The power of structural information for informing biological
mechanisms
is clear for stable folded macromolecules, but similar structure–function
insight is more difficult to obtain for highly dynamic systems such
as intrinsically disordered proteins (IDPs) which must be described
as structural ensembles. Here, we present IDPConformerGenerator, a
flexible, modular open-source software platform for generating large
and diverse ensembles of disordered protein states that builds conformers
that obey geometric, steric, and other physical restraints on the
input sequence.

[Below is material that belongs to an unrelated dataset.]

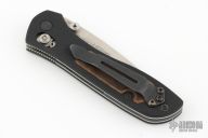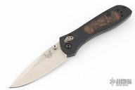 This Sequel by Benchmade features a satin finished drop point blade with swedge and dual thumb studs. The handle is comprised of black aluminum scales with wood inlays, over stainless steel liners and black backstrap. Black reversible tip up clip. Includes original box, and pouch. Has a couple light scuffs, otherwise Excellent condition.
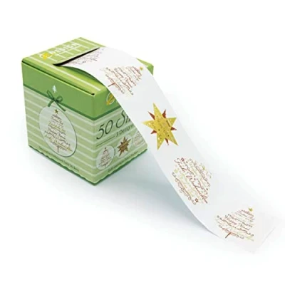 Modern pre-formatted label stickers with Christmas design. Three design variations alternating on a roll of 50. Elegant high quality transparent film with gold emboss gives great shine effects Ideal for Christmas for labelling and decorating Christmas gifts, Christmas cards, Christmas post and much more. 50 labels in high-quality dispensing box for perfect storage, shipping in robust box for intact shipping.

IDPConformerGenerator samples backbone phi (φ),
psi (ψ), and omega (ω) torsion angles of relevant sequence
fragments from loops and secondary structure elements extracted from
folded protein structures in the RCSB Protein Data Bank and builds
side chains from robust Monte Carlo algorithms using expanded rotamer
libraries. IDPConformerGenerator has many user-defined options enabling
variable fractional sampling of secondary structures, supports Bayesian
models for assessing the agreement of IDP ensembles for consistency
with experimental data, and introduces a machine learning approach
to transform between internal and Cartesian coordinates with reduced
error. IDPConformerGenerator will facilitate the characterization
of disordered proteins to ultimately provide structural insights into
these states that have key biological functions.